DETAILED ACTION
Notice of Pre-AIA or AIA Status
The present application, filed on or after March 16, 2013, is being examined under the first inventor to file provisions of the AIA .
Claim Rejections - 35 USC § 102
In the event the determination of the status of the application as subject to AIA 35 U.S.C. 102 and 103 (or as subject to pre-AIA 35 U.S.C. 102 and 103) is incorrect, any correction of the statutory basis (i.e., changing from AIA to pre-AIA ) for the rejection will not be considered a new ground of rejection if the prior art relied upon, and the rationale supporting the rejection, would be the same under either status.

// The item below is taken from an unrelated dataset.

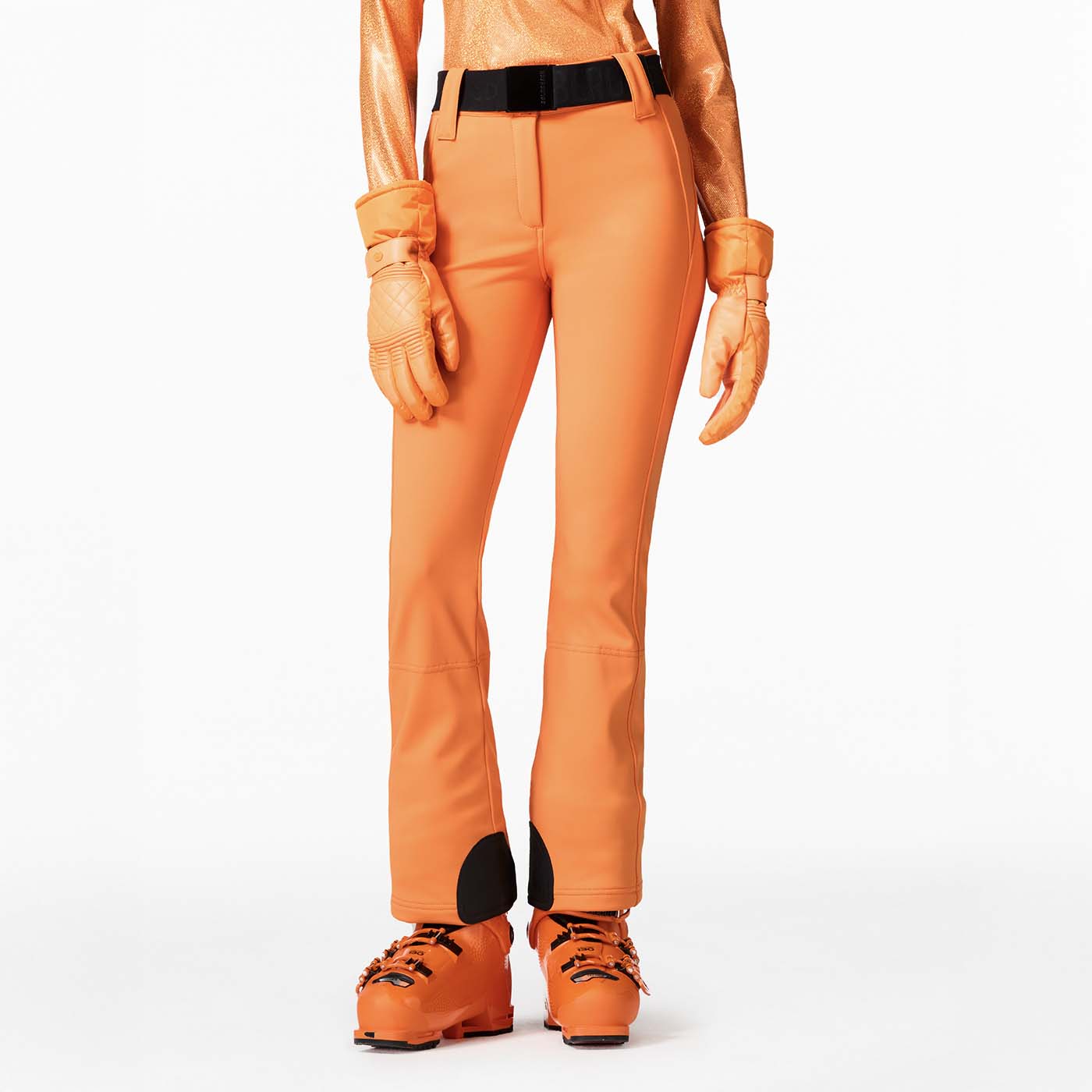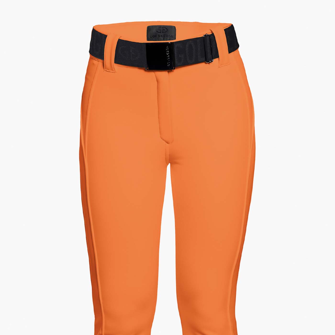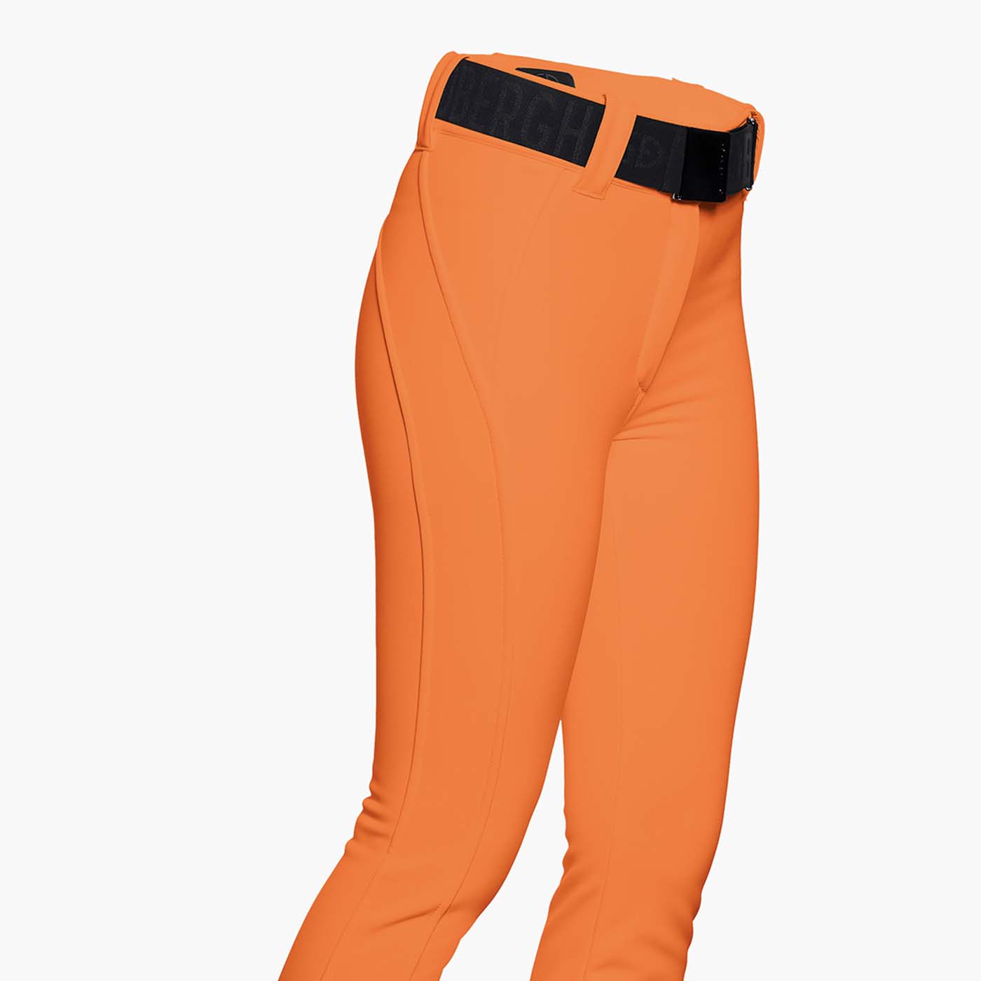 Functional features include a separate belt for an adjustable fit, backside hem zippers for easy boot access, and snowcatchers at the bottom to keep snow out and warmth in. These are the ultimate ski pants for skiers seeking a clean, timeless look backed by premium technical performance.

The following is a quotation of the appropriate paragraphs of 35 U.S.C. 102 that form the basis for the rejections under this section made in this Office action:
A person shall be entitled to a patent unless –
(a)(1) the claimed invention was patented, described in a printed publication, or in public use, on sale, or otherwise available to the public before the effective filing date of the claimed invention.
Claims 1, 2, 5, and 6 are rejected under 35 U.S.C. 102(a)(1) as being anticipated by Zewail (US 2021/0112540) [R1].
For claim 1, R1 discloses a control unit (paragraphs 40-45) configured to assume a beam switching gap between a plurality of signals or channels for transmission and reception to be a sufficient time corresponding to a larger subcarrier spacing (paragraphs 48-55, 26, 84).
For claim 2, R1 discloses the control unit (paragraphs 40-45) assumes the beam switching gap between the plurality of signals or channels to be a predefined period (paragraphs 48-55, 26, 84).
For claim 5, R1 discloses a control unit (paragraphs 40-45) configured to assume a beam switching gap between a plurality of signals or channels for transmission and reception to be a sufficient time corresponding to a larger subcarrier spacing (paragraphs 48-55, 26, 84).
For claim 6, R1 discloses assuming a beam switching gap between a plurality of signals or channels for transmission and reception to be a sufficient time corresponding to a larger subcarrier spacing (paragraphs 48-55, 26, 84).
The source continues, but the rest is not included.